> Your assignment:
Every line from the opening of the records to the line with "Resim 1; Mareşal" should be restated exactly, with both ends included and the pictures left out.
*** Working data ***
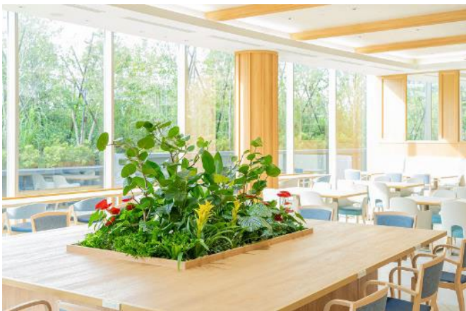
食事や会話を妨げないデザインの植栽

窓からの豊かな緑と合わせるようにテーブルの植栽の他にも多様な種類の植栽を設置することで、調和の取れた落ち着いた雰囲気的空間に仕上げました。
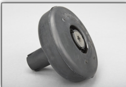
Figura 2: Smorzatore vibrazioni

Sui veicoli sprovvisti di smorzatore vibrazioni è possibile montare il componente con n. OE 24459603 ( Figura 2 ) in un secondo momento.
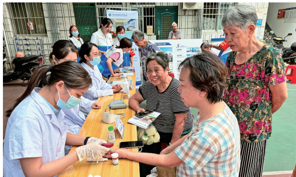
广旅养老公司党支部、广旅健管公司党支部联合开展志愿服务活动

今年是圆满做好“十四五”规划收官工作，认真谋划“十五五”规划目标任务的关键一年，大健康集团党委准确把握面临的形势和任务，审时度势、与时俱进，不断优化工作策略和方法，引导全
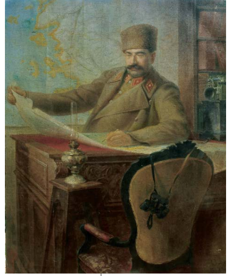
Resim 1; Mareşal Fevzi Çakmak'ın ressam Hüseyin Avni Lifij tarafından 1923 yılında yapılan yağlıboya resmi.

1889 yılı Mayıs ayında Gülhane Askeri Tıbbiyesinde temeli atılan ittihat Terakki Cemiyeti giderek bir siyasal parti kimliğine bü-
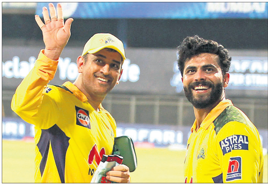
ମହେନ୍ଦ୍ର ସିଂ ଧୋନୀ ଓ ରବୀନ୍ଦ୍ର ଜାତେଜା।

୧୨ ସିକ୍ସନ, ୪ ଚାଲଟଲ ଓ ୫ଥର ରନସ୍ ଅପ୍ ପରେ ମହେନ୍ଦ୍ର ସିଂ ଧୋନୀ ଇଣ୍ଡିଆନ ପ୍ରିମିୟର ଲିଗ୍ (ଆଇପିଏଲ୍)ରେ ଚେନାଇ ସୁପରକିଙ୍ଗ୍ସ (ସିଏସ୍କେ) ଅଧିନାୟକ ପଦ ଛାଡ଼ିଛନ୍ତି। ଅଲରାଉଣ୍ଡର ରବୀନ୍ଦ୍ର ଜାତେଜା ସିଏସ୍କେର ନୂଆ ଅଧିନାୟକ ହୋଇଛନ୍ତି। ତେବେ ୪୦ ବର୍ଷୀୟ ଧୋନୀ ସିଏସ୍କେ ପକ୍ଷରୁ ଖେଳିବା ଜାରି ରଖିବେ ବୋଲି ପ୍ରାଞ୍ଛାଇବ
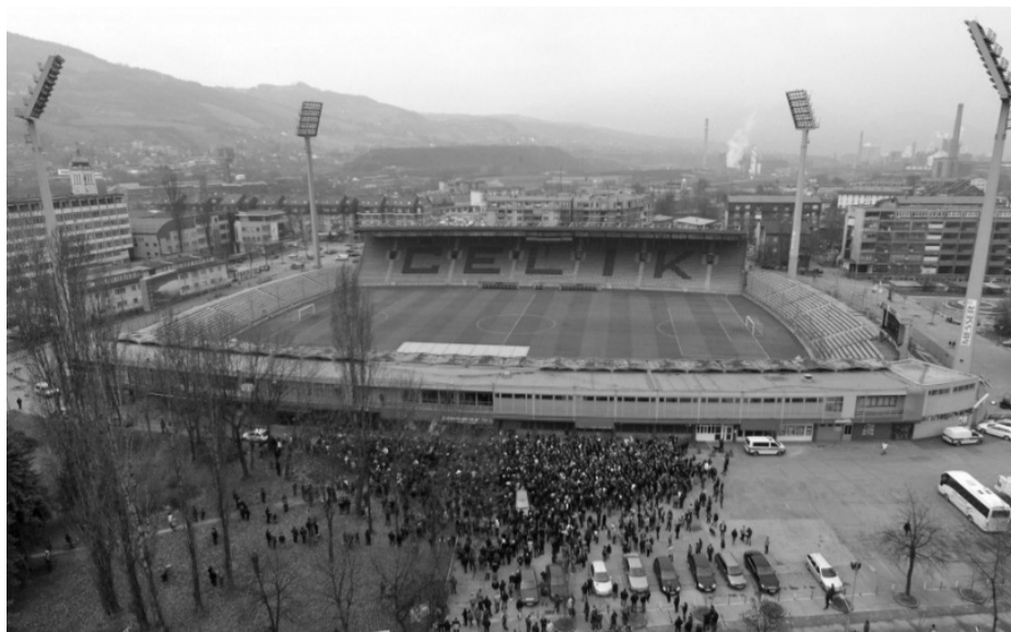
Travnjak Bilinog polja održava firma Alba i za to joj godišnje općina plaća 154 hiljade KM!
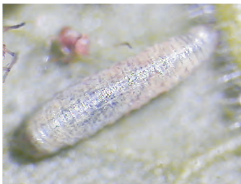
Сл. 1. Ларва во L_1 Photo 1. Larva in L_1

Тежината во L_1 се движи од 0,6 до 5mg, или просечно 2,52mg. Должината во L_1 варира од 1 до 5mm или во просек 3,9mm, а ширината од 0,3 до 1,2mm или просечно 0,8mm.
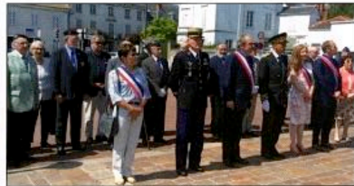
De gauche à droite, des cérémonies, le 27 mai 2017 à Saint-Raphaël (Var), Sevran (Seine-Saint-Denis) et Melun (Seine-et-Marne)
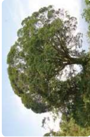
▲淋瀝老樹樹型優美，每每引起過往旅行族矚目。
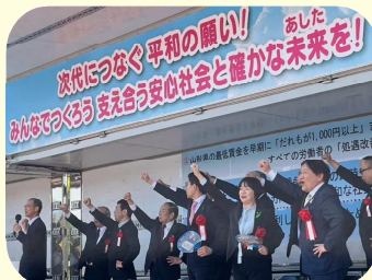
山形県中央メーデー
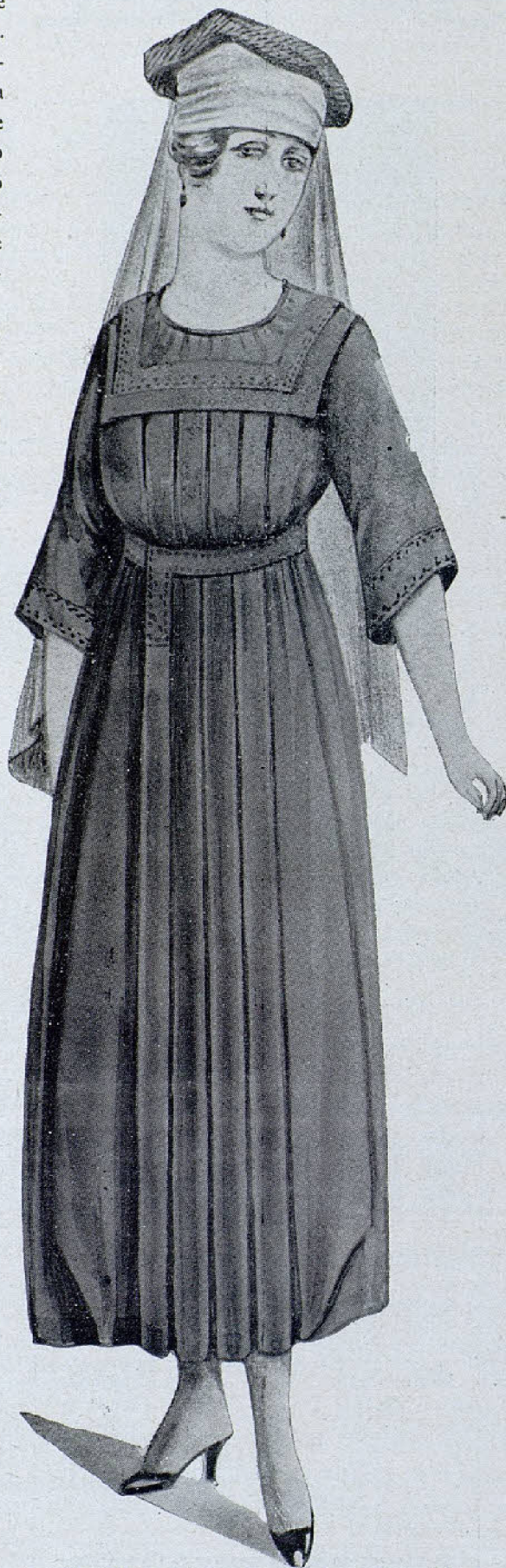
Sencilla toilette de luto, compuesta de una túnica calada formando tableros, y adornados el escote, las mangas y la faja con biesses bordados en seda.
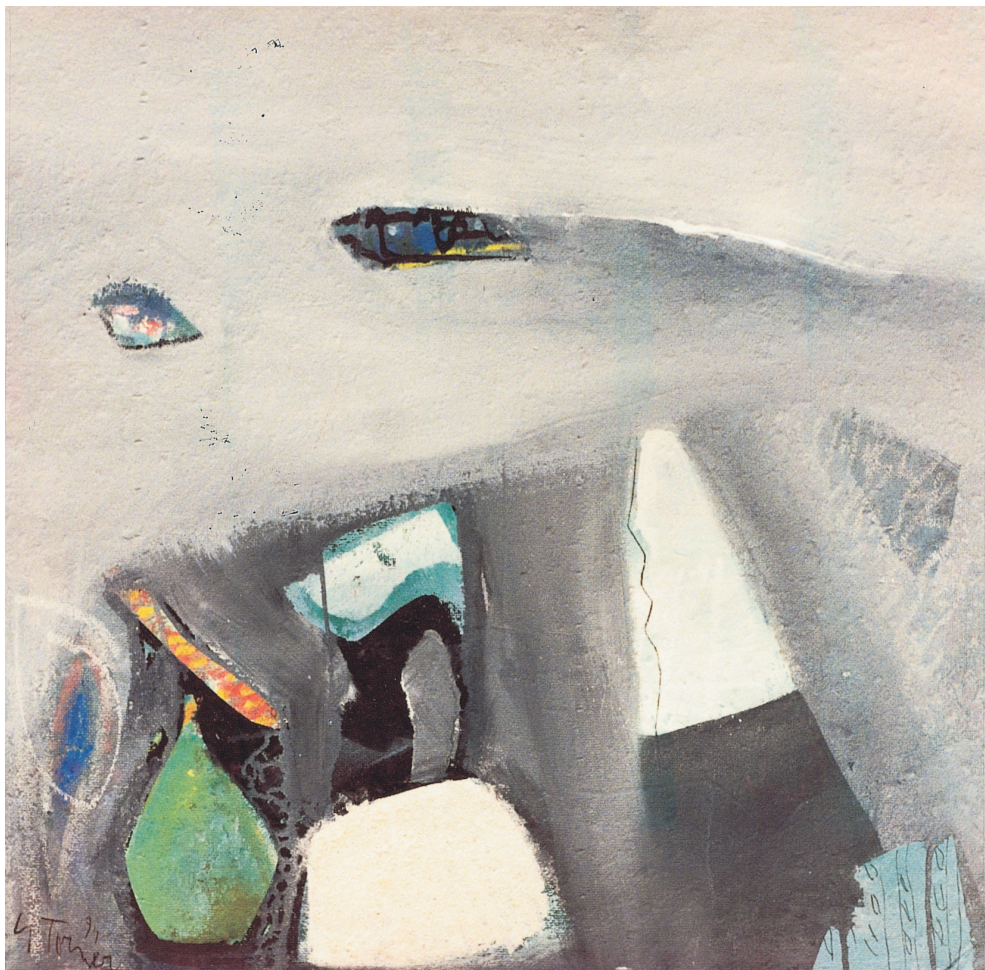
Bodegón y vela blanca Mixta/tintas/papel artesanal. 70 × 70 cm. Año 1994
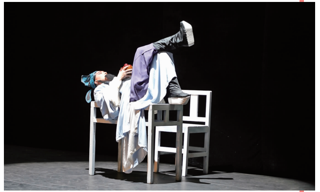
昆剧《伯龙夜品》剧照
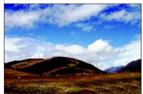
失火前的草原。(资料片)
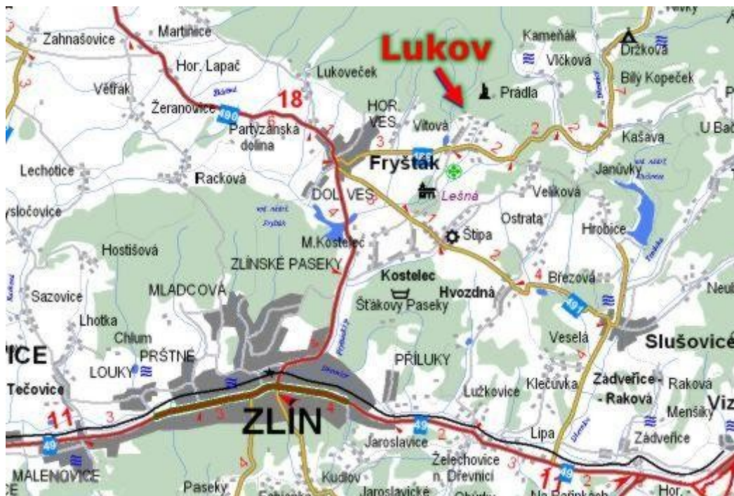
Mapa č. 1: Mapa lokality

Je nutné, abych upřesnil polohu obce Lukov, aby nedošlo k omylu, neboť v České republice existuje 6 obcí se stejným názvem. Obec Lukov leží v nadmořské výšce 316 m.n.m. na jižní Moravě nedaleko od města Zlín a městečka Fryšták. Město Zlín je zároveň krajským městem. Tento kraj má široké spektrum krajinné scenérie, folkloru, historických i technických památek. Žádná turistická oblast nedokáže nabídnout současně hory, manýristickou zahradní architekturu, lázně či vinobraní. Obec Lukov je od Zlína vzdálena zhruba 14 kilometrů. Je soustředěná do kopcovité oblasti Hostýnských vrchů. Jedná se o velmi půvabnou, malou vesničku situovanou do krásného prostředí.
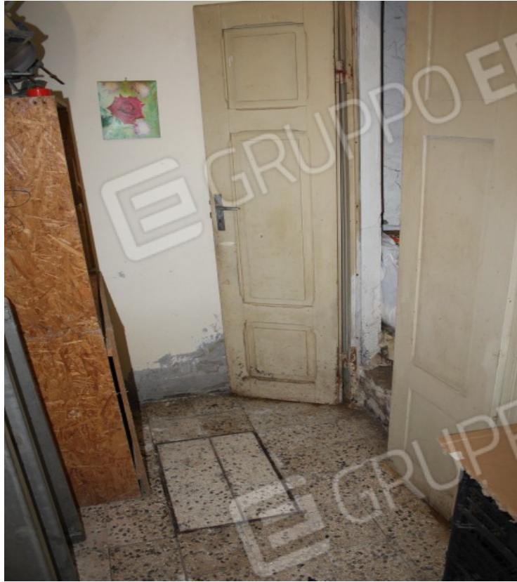
porzione di terrazzo piano primo
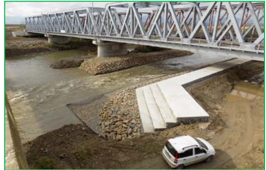
Pod Mureș Km 395+200pr. – Deviere curs Mureș
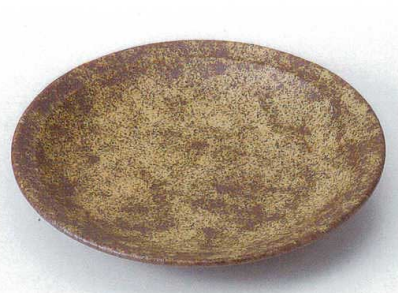
タ172-21 えき9.0皿 φ27.6×3.8cm 2,550円 タ172-22 えき8.0皿 φ24.6×3.3cm 2,000円 タ172-23 えき7.0皿 φ21.2×3.1cm 1,300円 タ172-24 えき6.0皿 φ18.5×2.5cm 880円 タ172-25 えき5.0皿 φ15.1×2.4cm 700円 タ172-26 えき4.0皿 φ13×2.2cm 600円
*** End of Working data ***
> Answer to this exercise:
食事や会話を妨げないデザインの植栽

窓からの豊かな緑と合わせるようにテーブルの植栽の他にも多様な種類の植栽を設置することで、調和の取れた落ち着いた雰囲気的空間に仕上げました。
Figura 2: Smorzatore vibrazioni

Sui veicoli sprovvisti di smorzatore vibrazioni è possibile montare il componente con n. OE 24459603 ( Figura 2 ) in un secondo momento.
广旅养老公司党支部、广旅健管公司党支部联合开展志愿服务活动

今年是圆满做好“十四五”规划收官工作，认真谋划“十五五”规划目标任务的关键一年，大健康集团党委准确把握面临的形势和任务，审时度势、与时俱进，不断优化工作策略和方法，引导全
Resim 1; Mareşal Fevzi Çakmak'ın ressam Hüseyin Avni Lifij tarafından 1923 yılında yapılan yağlıboya resmi.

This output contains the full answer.